──────── Dataset extract ────────

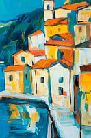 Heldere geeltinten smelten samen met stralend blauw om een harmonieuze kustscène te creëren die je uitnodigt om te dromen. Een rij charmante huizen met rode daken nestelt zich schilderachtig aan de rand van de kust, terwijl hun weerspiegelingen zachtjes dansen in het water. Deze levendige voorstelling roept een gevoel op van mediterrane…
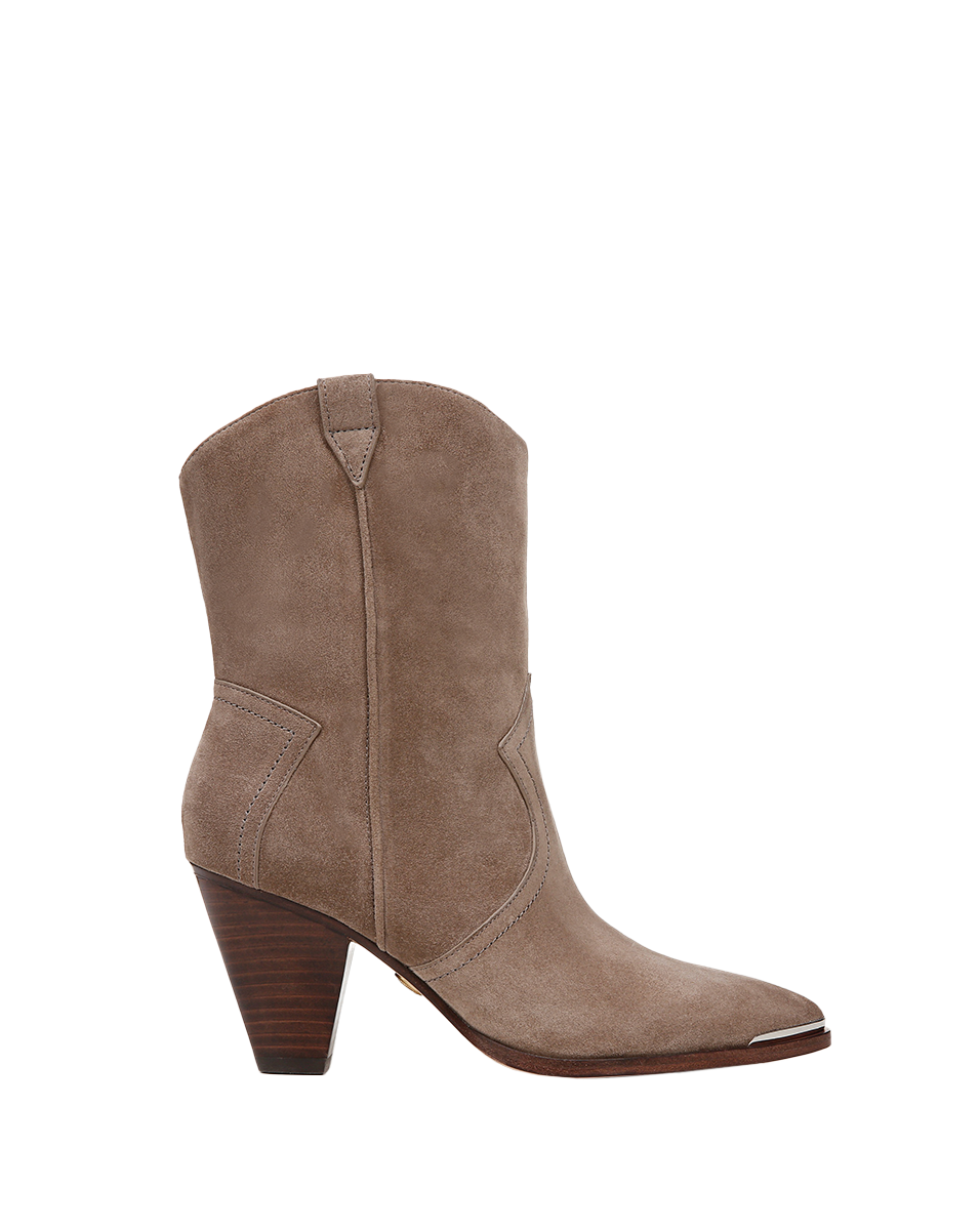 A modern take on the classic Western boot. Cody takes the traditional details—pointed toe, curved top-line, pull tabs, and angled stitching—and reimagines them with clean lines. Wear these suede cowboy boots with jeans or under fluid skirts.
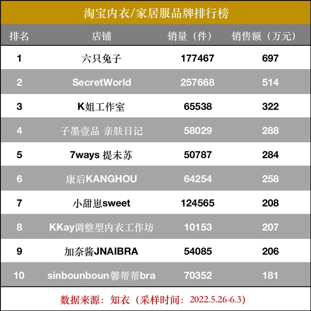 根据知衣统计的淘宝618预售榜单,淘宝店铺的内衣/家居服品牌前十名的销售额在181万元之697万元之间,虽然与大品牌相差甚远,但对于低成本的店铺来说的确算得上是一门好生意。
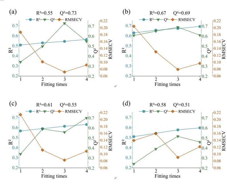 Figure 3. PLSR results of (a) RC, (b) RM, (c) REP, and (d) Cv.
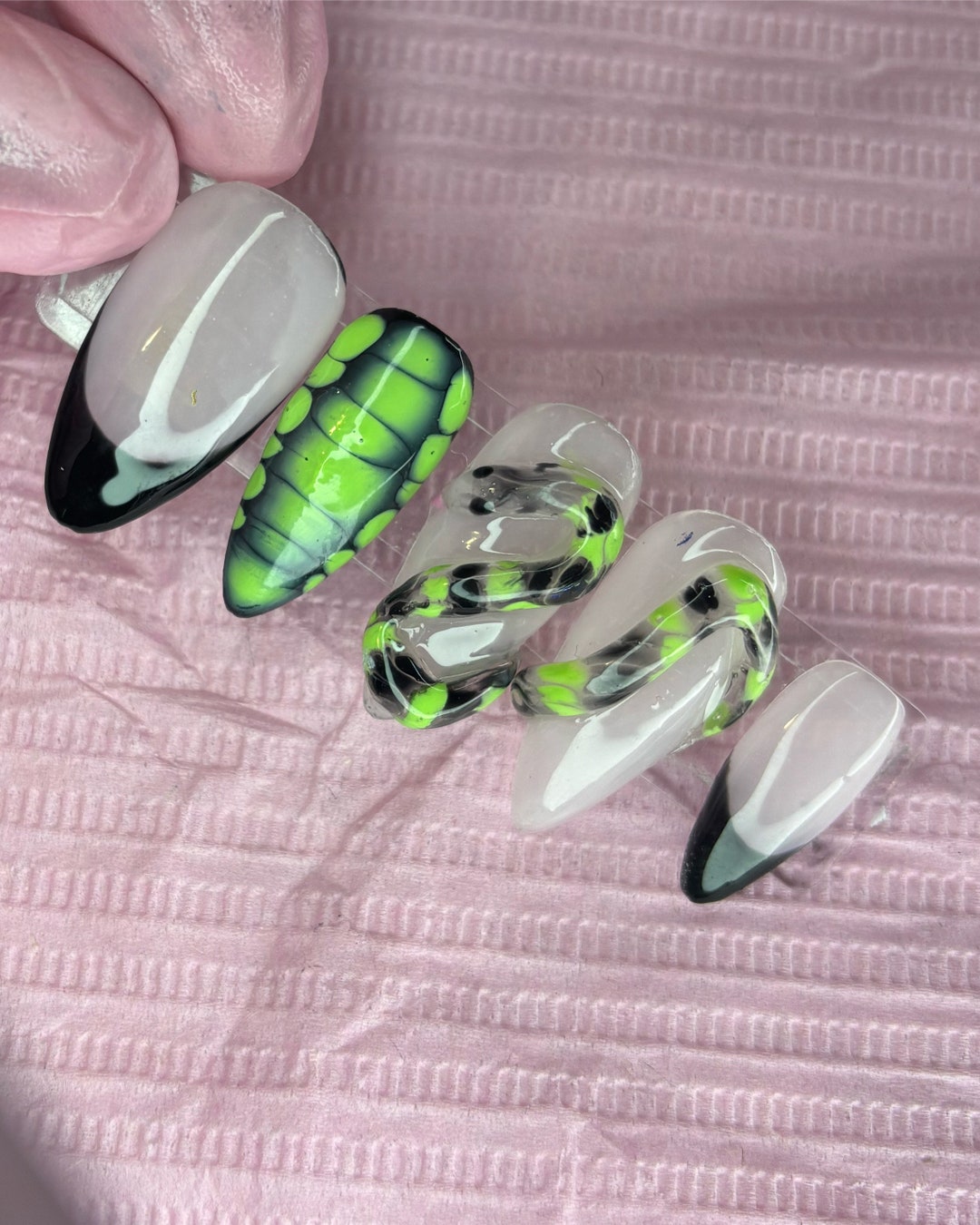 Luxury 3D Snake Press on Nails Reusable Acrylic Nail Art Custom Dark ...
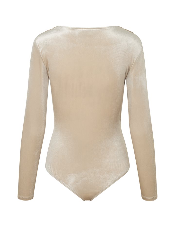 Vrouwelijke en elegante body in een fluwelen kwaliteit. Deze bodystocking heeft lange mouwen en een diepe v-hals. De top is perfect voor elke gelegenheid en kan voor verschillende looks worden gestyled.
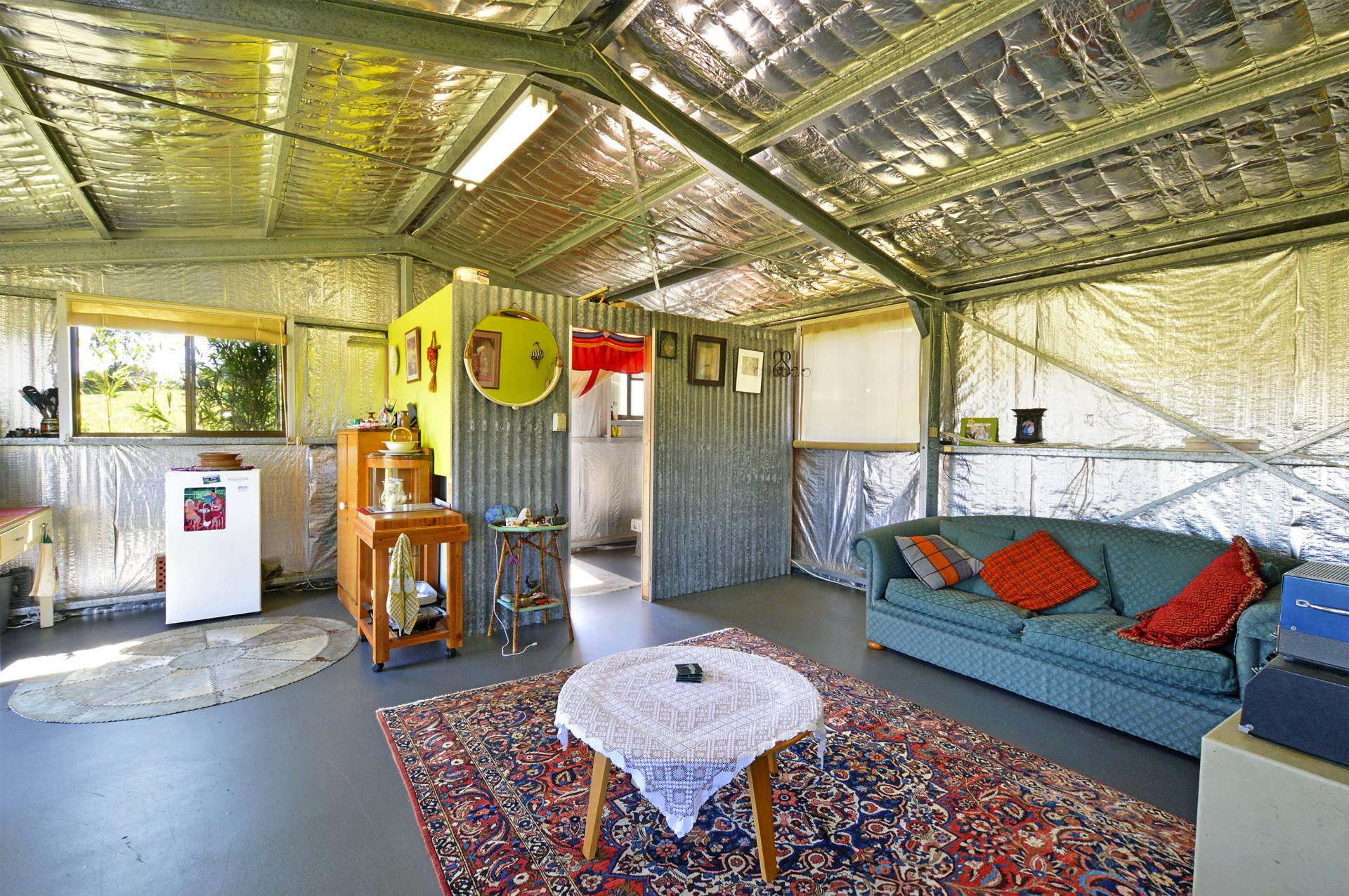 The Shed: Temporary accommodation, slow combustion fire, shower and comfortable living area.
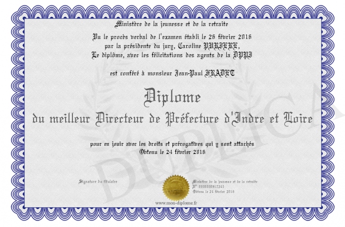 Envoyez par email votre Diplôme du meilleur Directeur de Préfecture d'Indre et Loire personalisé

────────

Exercise prompt
Each line from the first line of the entries through the line containing "根据知衣统计的淘宝618预售" should be duplicated word for word, and nothing more; the pictures stay out.

Your solution
 Heldere geeltinten smelten samen met stralend blauw om een harmonieuze kustscène te creëren die je uitnodigt om te dromen. Een rij charmante huizen met rode daken nestelt zich schilderachtig aan de rand van de kust, terwijl hun weerspiegelingen zachtjes dansen in het water. Deze levendige voorstelling roept een gevoel op van mediterrane…
 A modern take on the classic Western boot. Cody takes the traditional details—pointed toe, curved top-line, pull tabs, and angled stitching—and reimagines them with clean lines. Wear these suede cowboy boots with jeans or under fluid skirts.
 根据知衣统计的淘宝618预售榜单,淘宝店铺的内衣/家居服品牌前十名的销售额在181万元之697万元之间,虽然与大品牌相差甚远,但对于低成本的店铺来说的确算得上是一门好生意。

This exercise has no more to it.